Brian Bi

What is an intuitive explanation of the D'Alembertian?

Let's review first the Laplacian, $$\nabla^2$$. It has the intuitive interpretation of measuring the amount by which a function's value at a point differs from the average value of the function on the surface of a sphere centered at that point. (See, e.g., Intuitive interpretation of the Laplacian) For a harmonic function, for which the value at a point always equals the average value on a sphere centered at that point, the Laplacian vanishes. Otherwise, you might say the Laplacian measures how far the function deviates from being harmonic. If the Laplacian is positive then the point is "cold"; if it's negative then the point is "hot".

The d'Alembertian is the operator that appears in the electromagnetic wave equation,$\Box^2 \mathbf{E} = \mathbf{0}$ or, alternatively, $\Box^2 \mathbf{B} = \mathbf{0}$ or, in covariant form in the Lorenz gauge, $\Box^2 A^\alpha = 0$ As we know, solutions to the electromagnetic wave equations are waves that propagate at the speed of light (without dispersion) in any direction. So we know something important about the d'Alembertian: it vanishes for waves that travel at the speed of light . So we can say that the d'Alembertian measures how much the function deviates from being a (not necessarily monochromatic plane) wave that travels at the speed of light.

To try to get a bit more clarity on what this means, notice that the d'Alembertian can be written as $\Box^2 = \frac{\partial^2}{\partial(ct)^2} - \nabla^2$ We said the Laplacian is positive for a "cool" point. For the electric and magnetic fields you can think of that as meaning a wave trough. Likewise the Laplacian is negative for a wave crest. So when we're on a crest, the second time derivative has to be negative also in order for the d'Alembertian to vanish. This is indeed what happens on a wave crest (like $$\sin x$$ for $$x \in (0, \pi/2)$$). When we're on a trough, the second time derivative has to be positive.

So when the d'Alembertian is nonzero, it measures deviation from this wavelike behaviour of a crest accelerates downward and a trough accelerates upward. In electrodynamics this happens when we have sources. For instance, inside a uniformly charged sphere rotating around the z-axis, the magnitude of the z-component of the magnetic field increases as we approach the centre of the sphere. So interior points of the sphere are like "permanent crests" or "permanent troughs" in the z-component of the magnetic field. We can superimpose various kinds of electromagnetic waves on this configuration, but as the d'Alembertian is linear, it just "ignores" all the superimposed waves (on which it vanishes) and picks out the field due to the source, that is, the non-wavelike part. The result is nonzero. If we reversed the direction of rotation, we reverse the sign of the d'Alembertian too. In the case that we have a "permanent crest", the d'Alembertian will be positive, and in the case that we have a "permanent trough" the d'Alembertian will be negative.

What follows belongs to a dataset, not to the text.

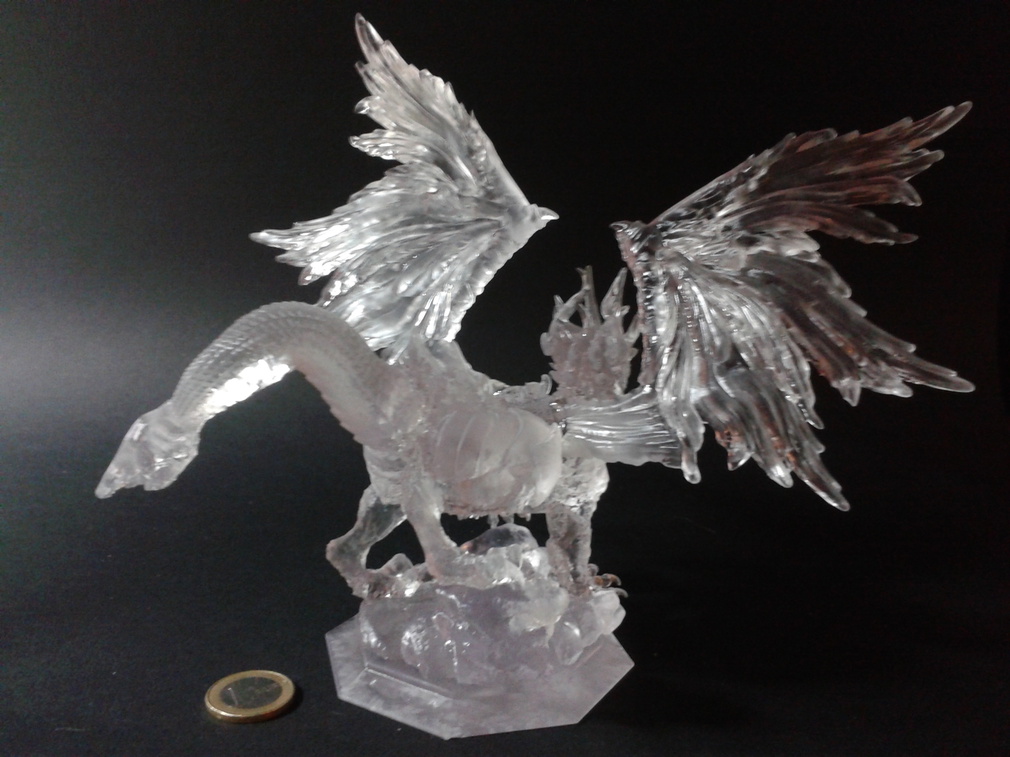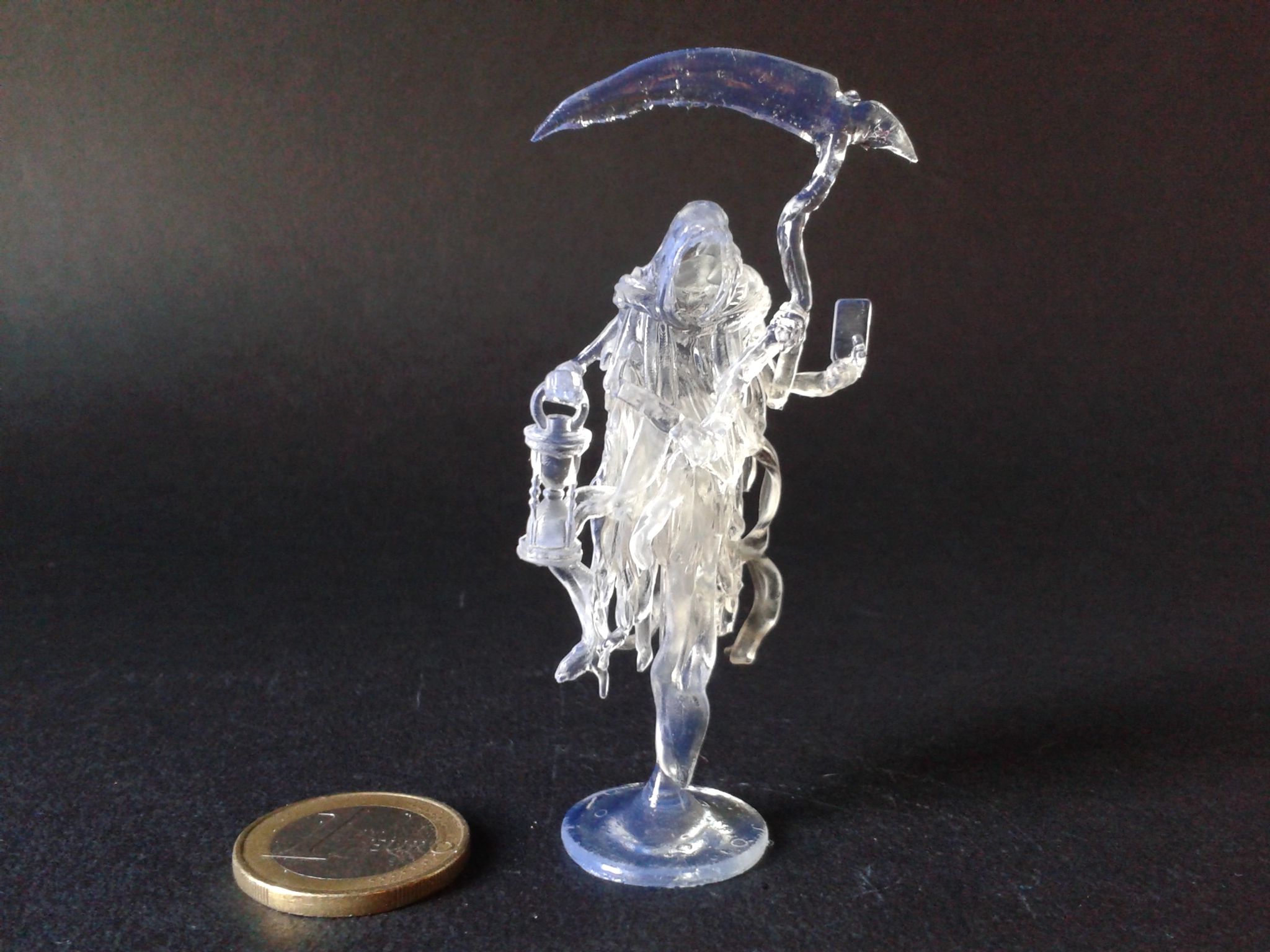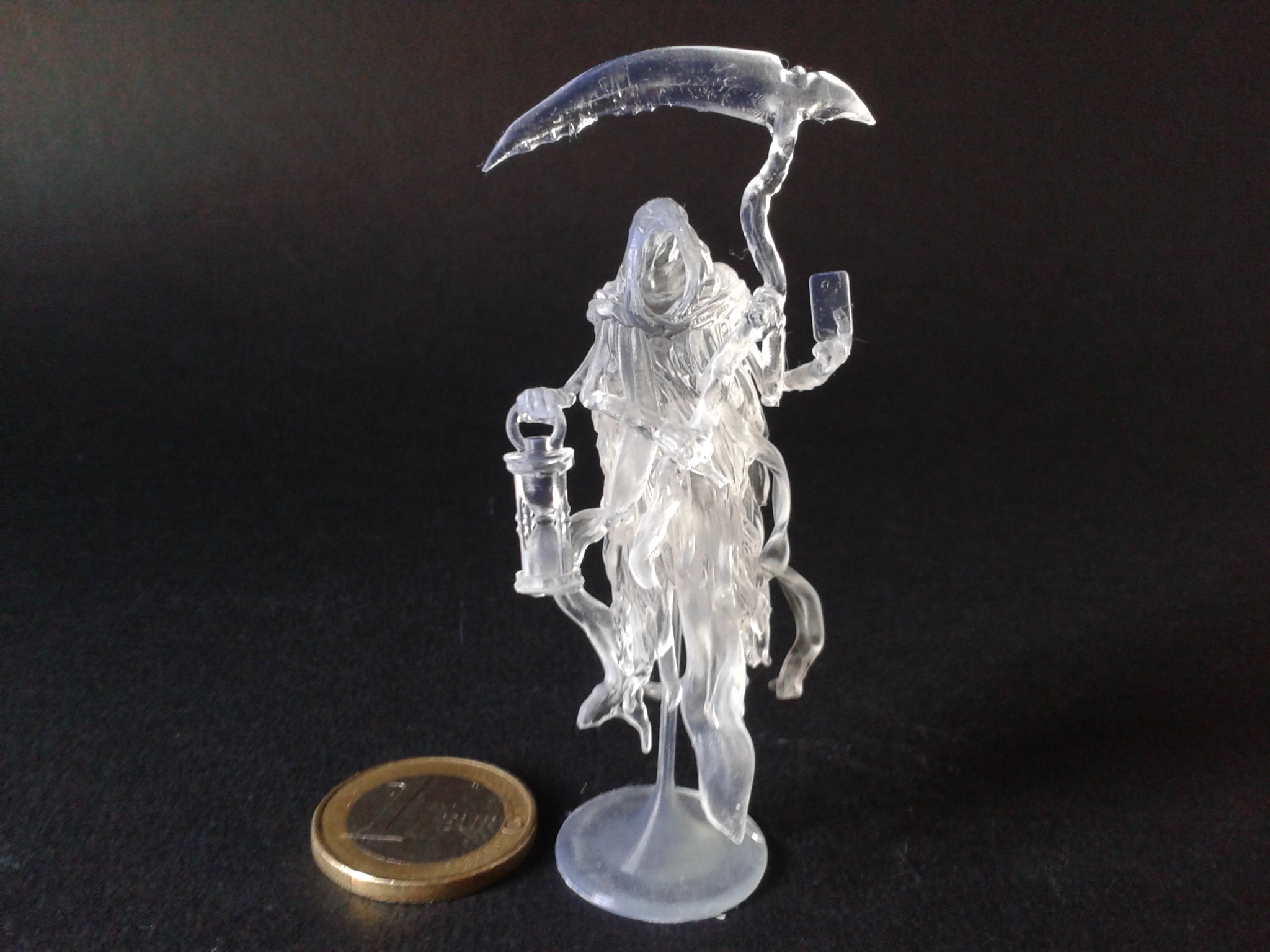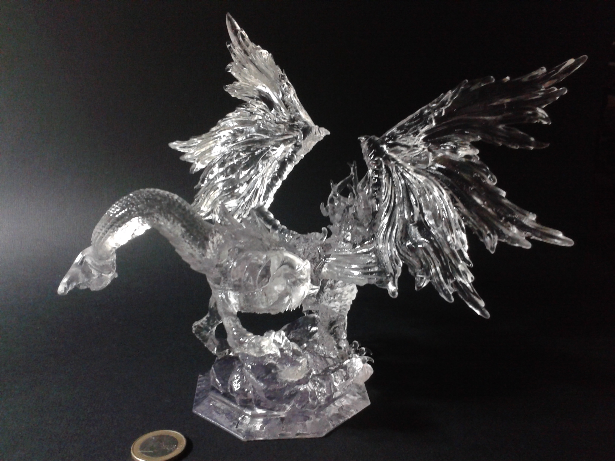 Pour obtenir un bel effet de transparence, cette résine demande une étape de plus pour le post-traitement d’impression. Il s’agit, d’appliquer une fine couche de cette résine au pinceau avant le post-traitement de durcissement aux UV (le “Cure”), ou une couche de vernis transparent brillant après le “Cure”. Il y a donc une perte des très petits détails d’impression sur le résultat obtenu.

(Note for the curious: here, $$\Box^2 \mathbf{B} = \mu_0(\nabla \times \mathbf{J})$$, if my math is correct.)

Sorry, I guess this isn't really that intuitive. I'm not sure if I can come up with a more intuitive explanation.

 Strictly speaking, there are also nonphysical solutions that do not represent electromagnetic waves, such as harmonic functions stationary in time. These are nonphysical because they blow up at infinity.